Search code examples
pythonopencvblobrastercentroid

Finding lines from blobs in raster file (python)


I have a binary raster file and want to find straight lines connecting several points in python. The lines should be straight connecting points but are able to vary in the angle of the line. Here is an example of the binary raster, in which I search for connecting lines:

raster example

I was thinking that there is a good chance for a python library helping with it. So far I just found things like RANSAC or linear regression but I do not want to find only one line for all points neither do I want to group several points manually before generating the lines (thinking that chances are too high for missing possibilities out).

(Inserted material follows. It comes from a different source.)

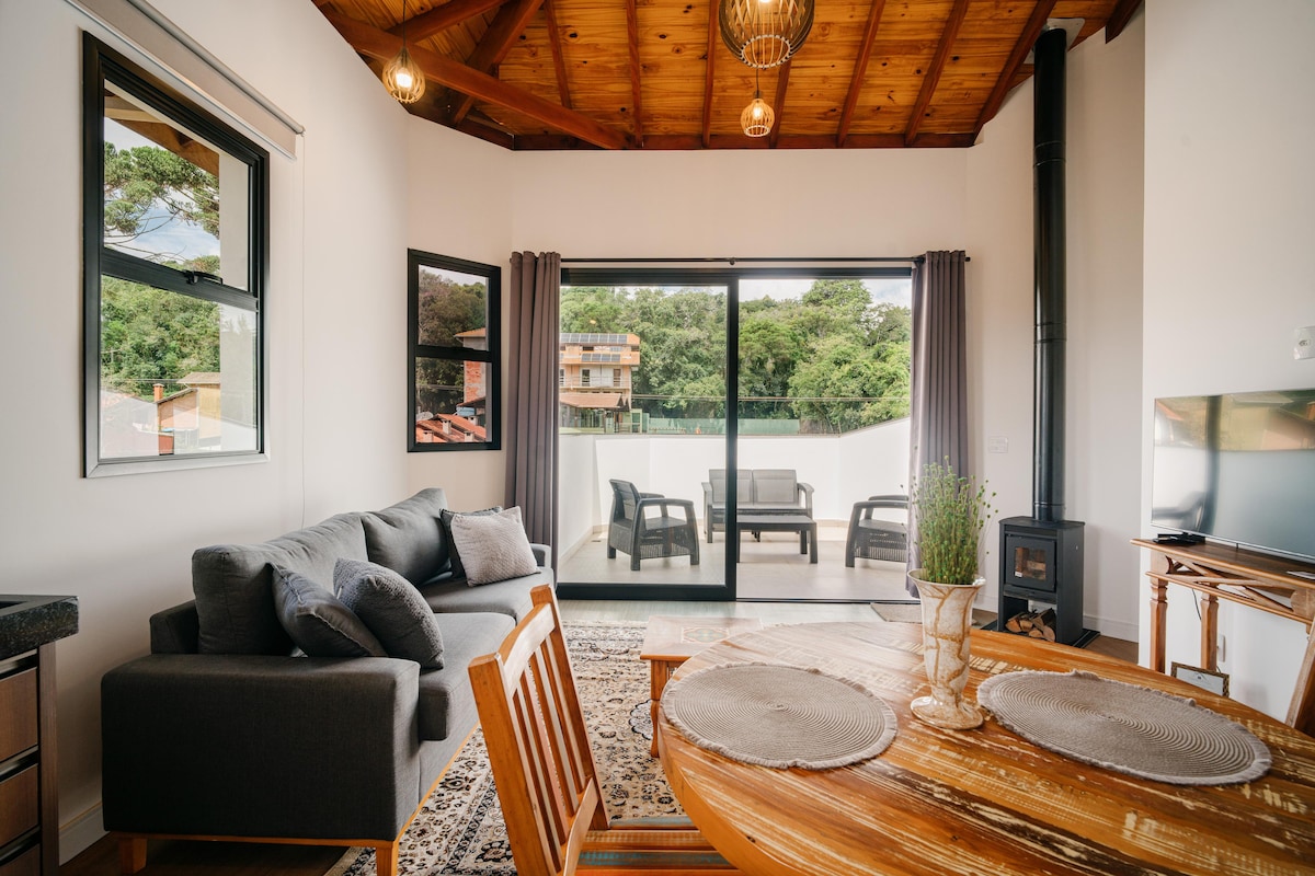 Casinha de Cima es un acogedor loft de 40 metros cuadrados. Está a 6 km/15 min de la ciudad y a 1053 metros sobre el nivel del mar. Tiene una vista exuberante, frente a la presa de Jaguari y Serra da Mantiqueira. Independiente, tiene balcón, dormitorio + salón + cocina en la misma habitación + baño + zona exterior: ducha, hamaca y barbacoa. Ideal para descansar, trabajar, disfrutar de la naturaleza y pasear. El wifi/internet de fibra óptica garantiza una gran conexión. A solo 1:30 horas de São Paulo. Paraíso en la tierra <3

I thought about building the centroids of the blobs and afterwards connecting suitable centroids to straight lines. At this point my two main problems are:

  1. How to divide the blobs and get their centroids
  2. How to iterate through the the centroids in an effective pattern without fearing to miss or double lines

For 1. I tried using opencvs' findcontour but I received an error which told me that I cannot use multi banded images (I am working with tif)


Solution

  • Here's an idea for a "brute force" type of approach. I haven't thought too much about how long it might take, or parallelising it for the moment.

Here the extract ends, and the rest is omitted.